→ Task to carry out:
Repeat all of the data below word for word, keeping no images.

[Data entries]
++++++++++++++++++++
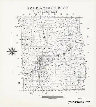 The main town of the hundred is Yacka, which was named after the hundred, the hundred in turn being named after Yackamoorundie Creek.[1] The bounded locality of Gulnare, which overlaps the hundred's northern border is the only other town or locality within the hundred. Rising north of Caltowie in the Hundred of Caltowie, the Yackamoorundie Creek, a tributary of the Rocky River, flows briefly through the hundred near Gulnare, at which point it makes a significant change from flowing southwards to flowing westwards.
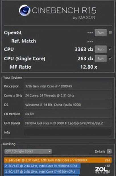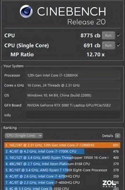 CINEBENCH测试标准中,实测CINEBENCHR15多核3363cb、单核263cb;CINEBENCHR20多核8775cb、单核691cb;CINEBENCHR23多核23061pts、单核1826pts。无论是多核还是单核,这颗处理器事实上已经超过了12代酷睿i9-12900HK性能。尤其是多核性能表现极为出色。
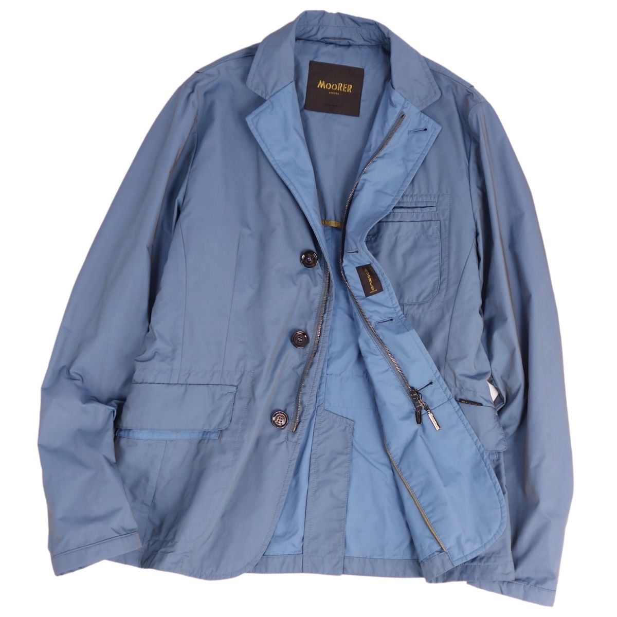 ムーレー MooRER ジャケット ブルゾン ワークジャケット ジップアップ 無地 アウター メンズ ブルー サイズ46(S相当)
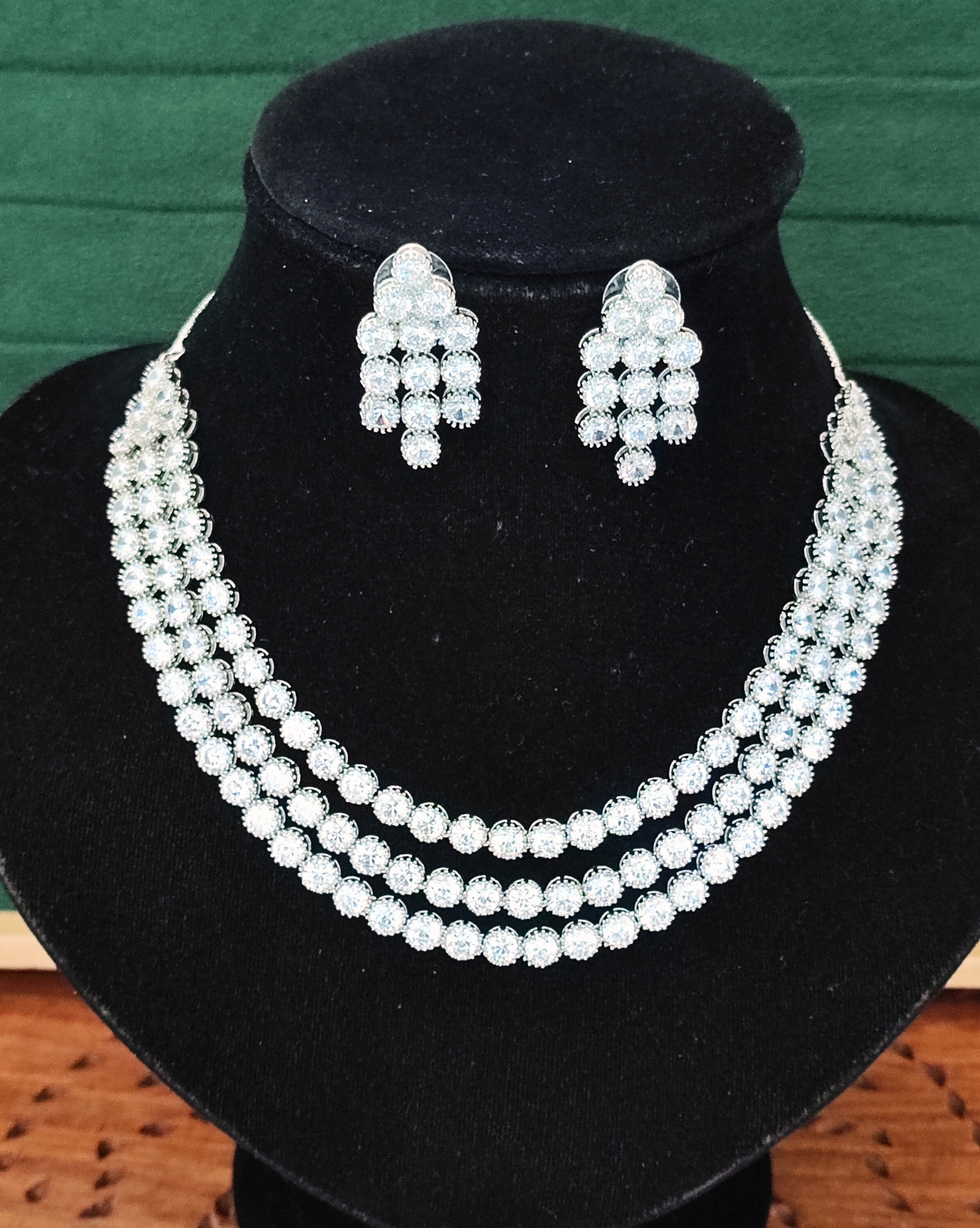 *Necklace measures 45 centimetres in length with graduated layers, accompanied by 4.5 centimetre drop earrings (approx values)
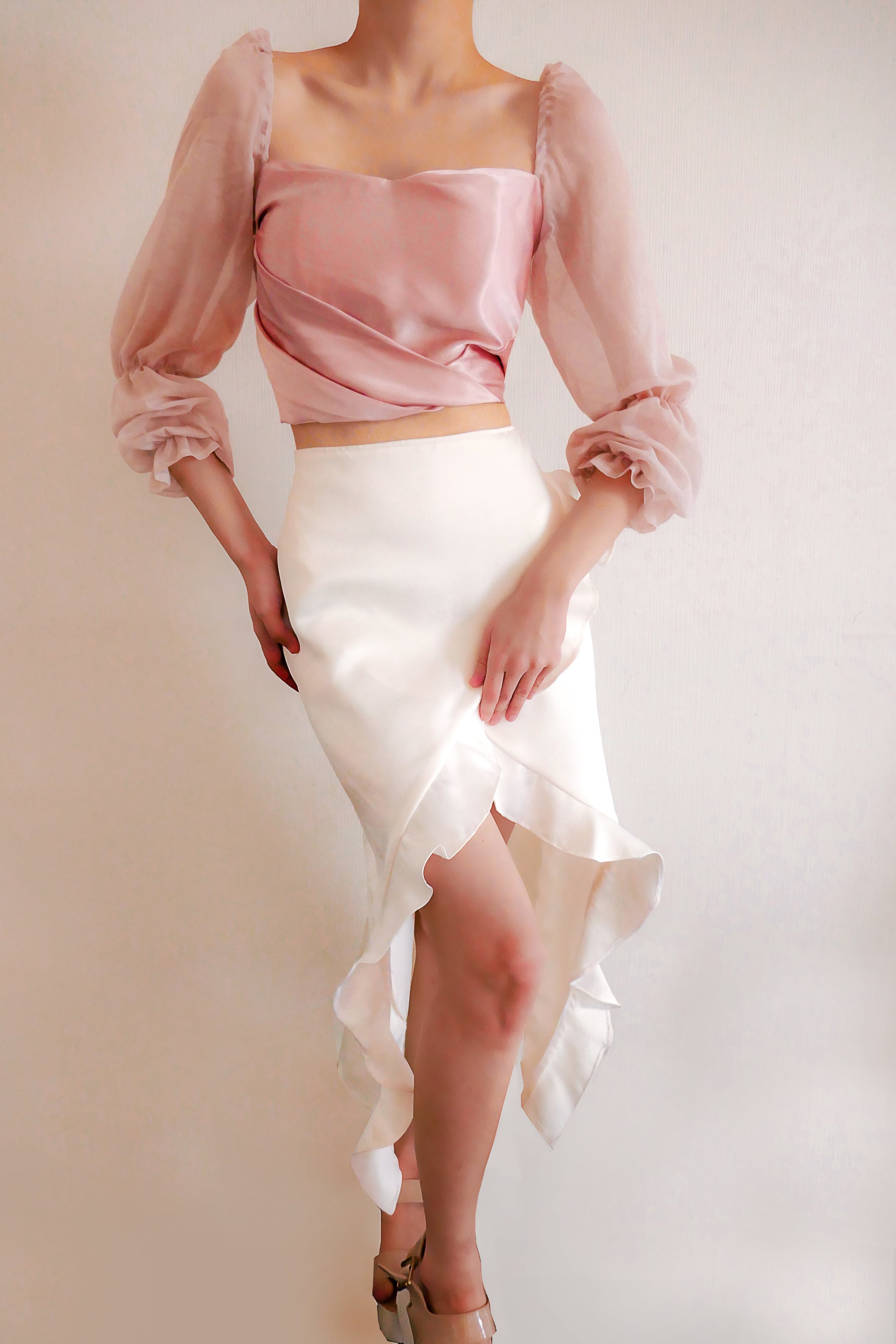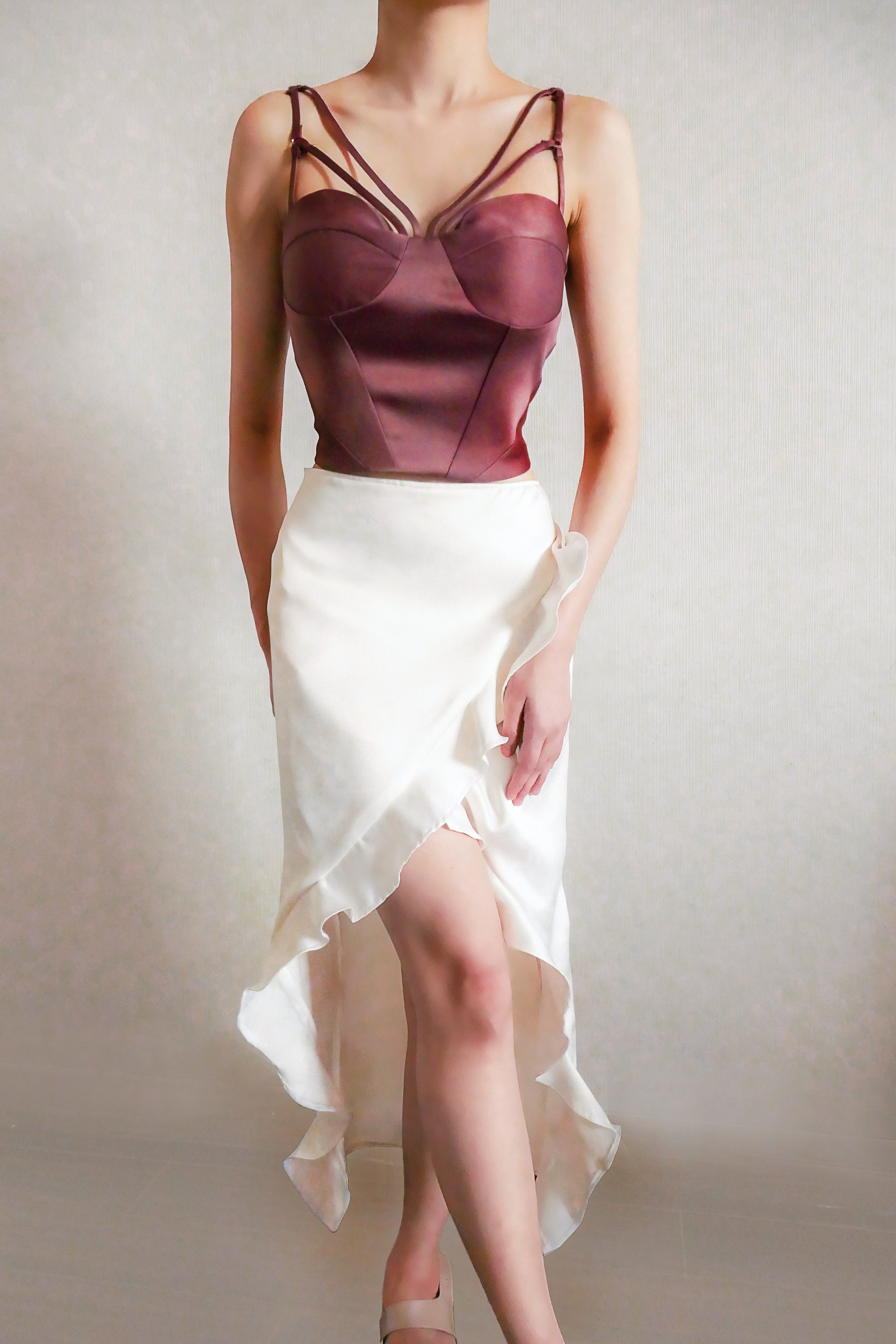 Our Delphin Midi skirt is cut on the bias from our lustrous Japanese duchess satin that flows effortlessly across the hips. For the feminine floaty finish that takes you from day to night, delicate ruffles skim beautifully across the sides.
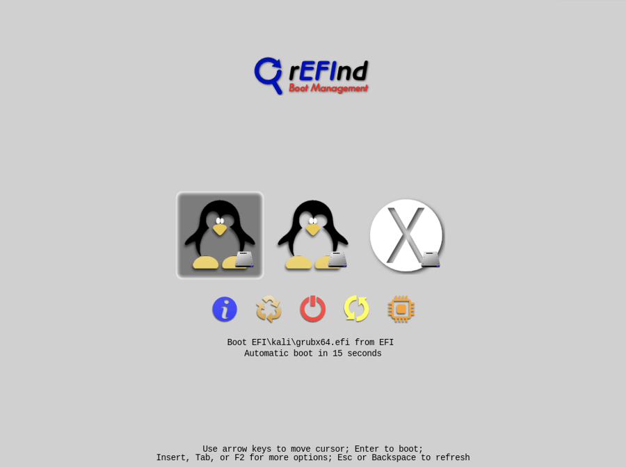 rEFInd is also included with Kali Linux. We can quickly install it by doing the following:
++++++++++++++++++++
→ Task response:
 The main town of the hundred is Yacka, which was named after the hundred, the hundred in turn being named after Yackamoorundie Creek.[1] The bounded locality of Gulnare, which overlaps the hundred's northern border is the only other town or locality within the hundred. Rising north of Caltowie in the Hundred of Caltowie, the Yackamoorundie Creek, a tributary of the Rocky River, flows briefly through the hundred near Gulnare, at which point it makes a significant change from flowing southwards to flowing westwards.
 CINEBENCH测试标准中,实测CINEBENCHR15多核3363cb、单核263cb;CINEBENCHR20多核8775cb、单核691cb;CINEBENCHR23多核23061pts、单核1826pts。无论是多核还是单核,这颗处理器事实上已经超过了12代酷睿i9-12900HK性能。尤其是多核性能表现极为出色。
 ムーレー MooRER ジャケット ブルゾン ワークジャケット ジップアップ 無地 アウター メンズ ブルー サイズ46(S相当)
 *Necklace measures 45 centimetres in length with graduated layers, accompanied by 4.5 centimetre drop earrings (approx values)
 Our Delphin Midi skirt is cut on the bias from our lustrous Japanese duchess satin that flows effortlessly across the hips. For the feminine floaty finish that takes you from day to night, delicate ruffles skim beautifully across the sides.
 rEFInd is also included with Kali Linux. We can quickly install it by doing the following:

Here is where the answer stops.